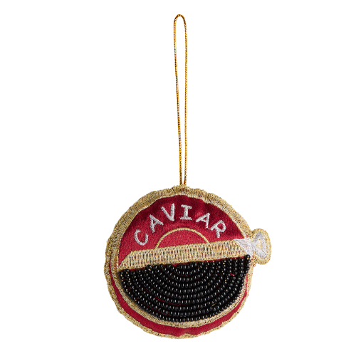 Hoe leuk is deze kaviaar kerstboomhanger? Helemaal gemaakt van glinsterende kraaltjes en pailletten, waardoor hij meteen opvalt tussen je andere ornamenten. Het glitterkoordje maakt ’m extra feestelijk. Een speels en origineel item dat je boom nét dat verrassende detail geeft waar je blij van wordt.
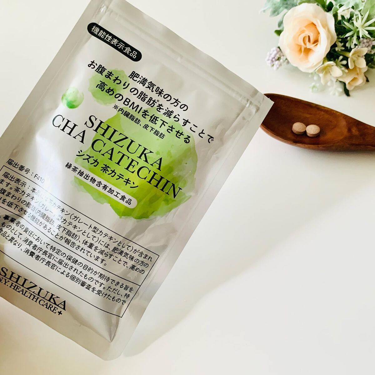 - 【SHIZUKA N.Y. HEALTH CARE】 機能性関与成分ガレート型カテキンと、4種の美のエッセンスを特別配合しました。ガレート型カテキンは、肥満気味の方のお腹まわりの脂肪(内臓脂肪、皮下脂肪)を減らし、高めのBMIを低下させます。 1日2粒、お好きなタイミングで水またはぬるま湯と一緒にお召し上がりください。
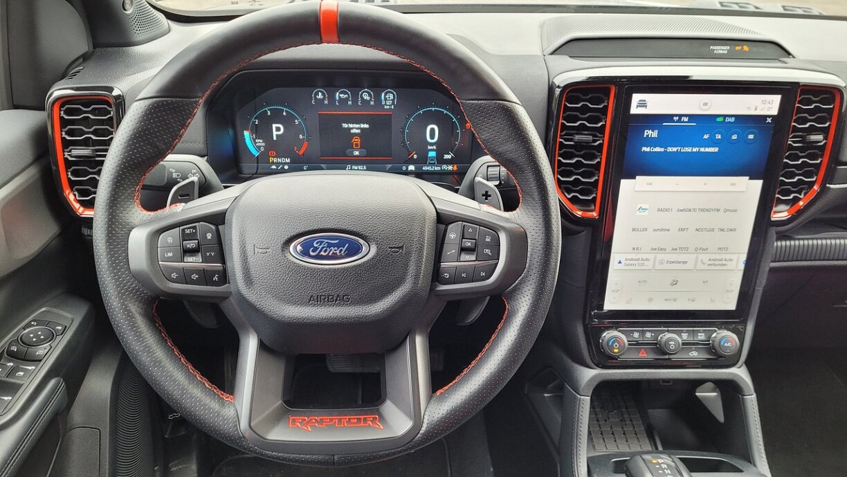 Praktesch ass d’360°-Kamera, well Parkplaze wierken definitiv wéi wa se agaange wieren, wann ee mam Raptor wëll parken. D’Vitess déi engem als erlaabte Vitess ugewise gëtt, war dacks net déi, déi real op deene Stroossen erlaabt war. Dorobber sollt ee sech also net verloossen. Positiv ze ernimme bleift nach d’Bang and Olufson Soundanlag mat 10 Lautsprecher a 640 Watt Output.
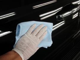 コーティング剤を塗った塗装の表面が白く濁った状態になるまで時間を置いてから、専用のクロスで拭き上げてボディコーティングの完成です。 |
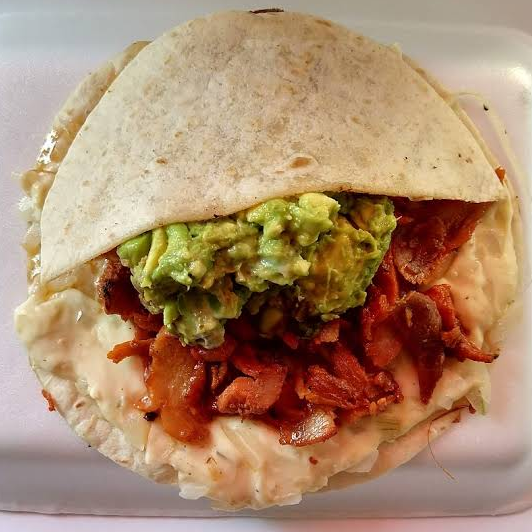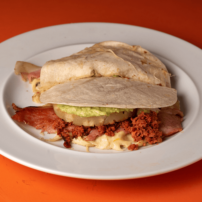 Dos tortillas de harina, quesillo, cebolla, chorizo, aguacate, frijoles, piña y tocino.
━━━━━━━━━━━━━━━━━━━━━━━━━━━━━━
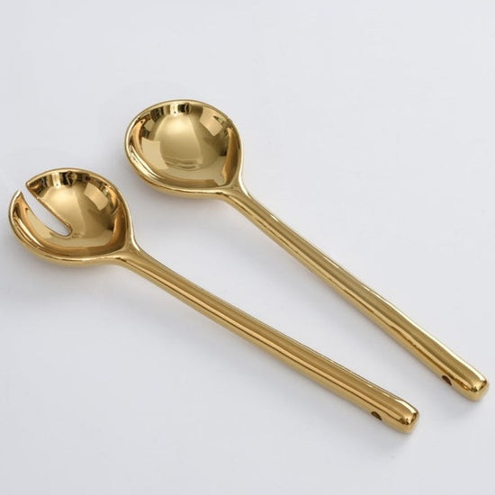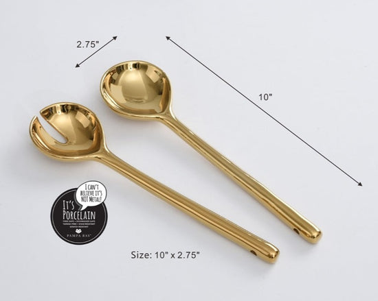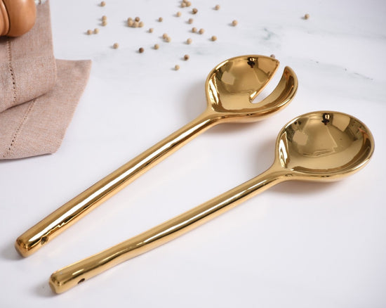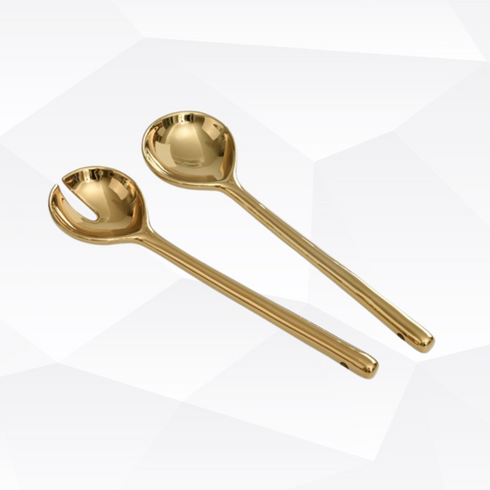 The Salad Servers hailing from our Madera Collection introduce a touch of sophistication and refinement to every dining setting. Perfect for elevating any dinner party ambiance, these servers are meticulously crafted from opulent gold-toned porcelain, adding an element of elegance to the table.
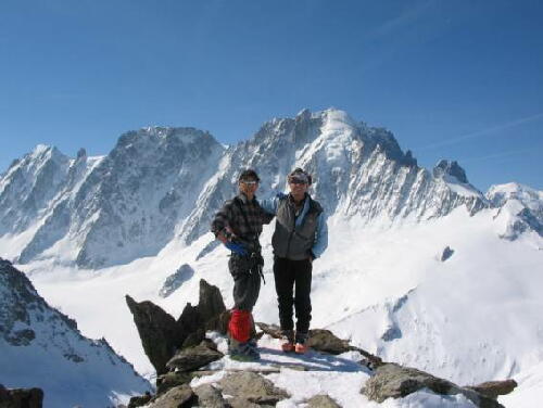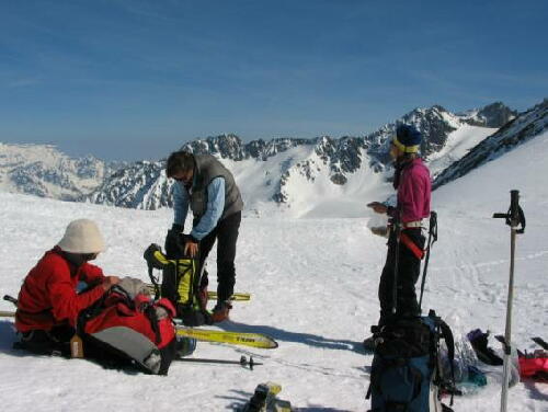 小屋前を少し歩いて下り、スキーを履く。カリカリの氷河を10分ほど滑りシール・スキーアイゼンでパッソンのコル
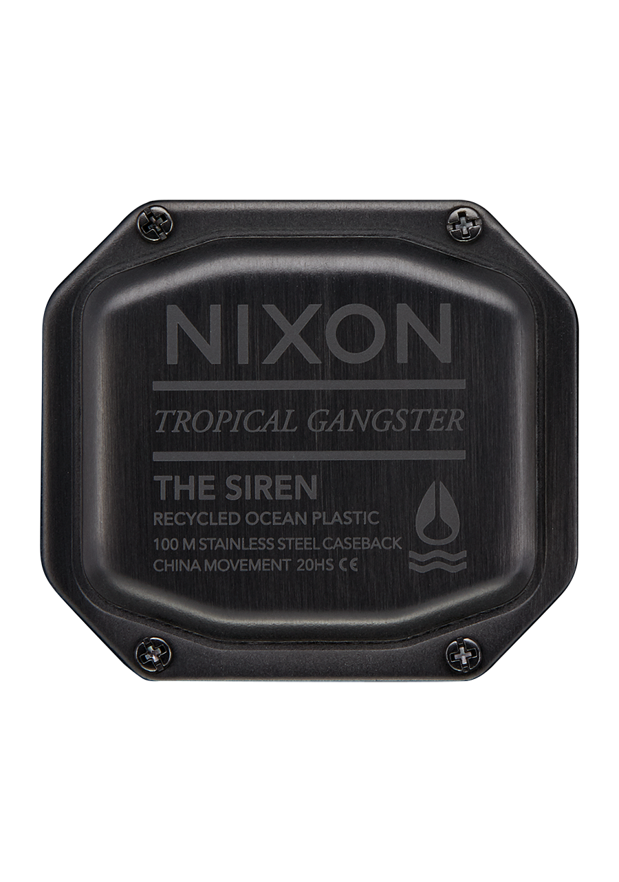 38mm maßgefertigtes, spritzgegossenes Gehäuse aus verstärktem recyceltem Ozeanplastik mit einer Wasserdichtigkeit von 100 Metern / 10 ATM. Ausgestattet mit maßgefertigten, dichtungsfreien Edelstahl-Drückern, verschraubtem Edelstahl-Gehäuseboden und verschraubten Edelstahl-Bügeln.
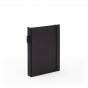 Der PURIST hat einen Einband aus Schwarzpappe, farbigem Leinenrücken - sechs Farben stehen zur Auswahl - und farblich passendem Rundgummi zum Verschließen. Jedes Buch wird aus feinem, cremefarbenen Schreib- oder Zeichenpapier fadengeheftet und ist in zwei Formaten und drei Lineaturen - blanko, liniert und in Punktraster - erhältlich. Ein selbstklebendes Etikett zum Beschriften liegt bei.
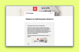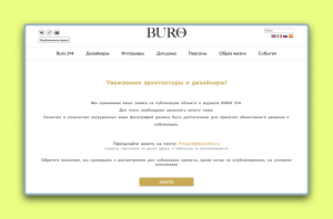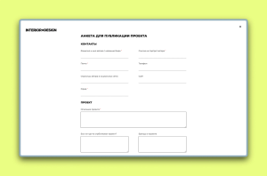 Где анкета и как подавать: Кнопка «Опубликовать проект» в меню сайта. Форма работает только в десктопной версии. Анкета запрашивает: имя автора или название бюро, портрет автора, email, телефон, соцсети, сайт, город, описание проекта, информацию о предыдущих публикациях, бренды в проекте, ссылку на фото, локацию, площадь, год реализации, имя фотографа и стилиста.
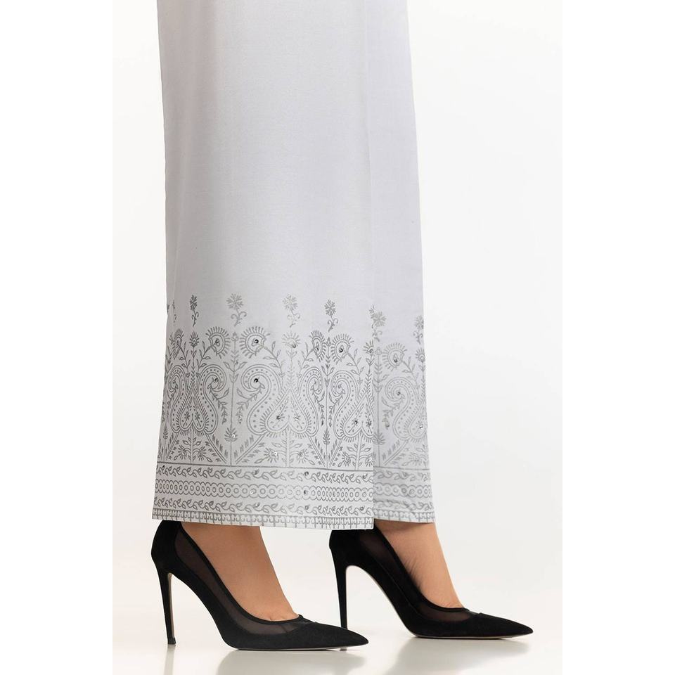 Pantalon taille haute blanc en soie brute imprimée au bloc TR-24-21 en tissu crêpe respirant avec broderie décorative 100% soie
━━━━━━━━━━━━━━━━━━━━━━━━━━━━━━
Your assignment: Reproduce, word for word, everything in the listing above from the line containing "- 【SHIZUKA N.Y." down to the line containing "Dos tortillas de", both of them included. No pictures.

Output below:
 - 【SHIZUKA N.Y. HEALTH CARE】 機能性関与成分ガレート型カテキンと、4種の美のエッセンスを特別配合しました。ガレート型カテキンは、肥満気味の方のお腹まわりの脂肪(内臓脂肪、皮下脂肪)を減らし、高めのBMIを低下させます。 1日2粒、お好きなタイミングで水またはぬるま湯と一緒にお召し上がりください。
 Praktesch ass d’360°-Kamera, well Parkplaze wierken definitiv wéi wa se agaange wieren, wann ee mam Raptor wëll parken. D’Vitess déi engem als erlaabte Vitess ugewise gëtt, war dacks net déi, déi real op deene Stroossen erlaabt war. Dorobber sollt ee sech also net verloossen. Positiv ze ernimme bleift nach d’Bang and Olufson Soundanlag mat 10 Lautsprecher a 640 Watt Output.
 コーティング剤を塗った塗装の表面が白く濁った状態になるまで時間を置いてから、専用のクロスで拭き上げてボディコーティングの完成です。 |
 Dos tortillas de harina, quesillo, cebolla, chorizo, aguacate, frijoles, piña y tocino.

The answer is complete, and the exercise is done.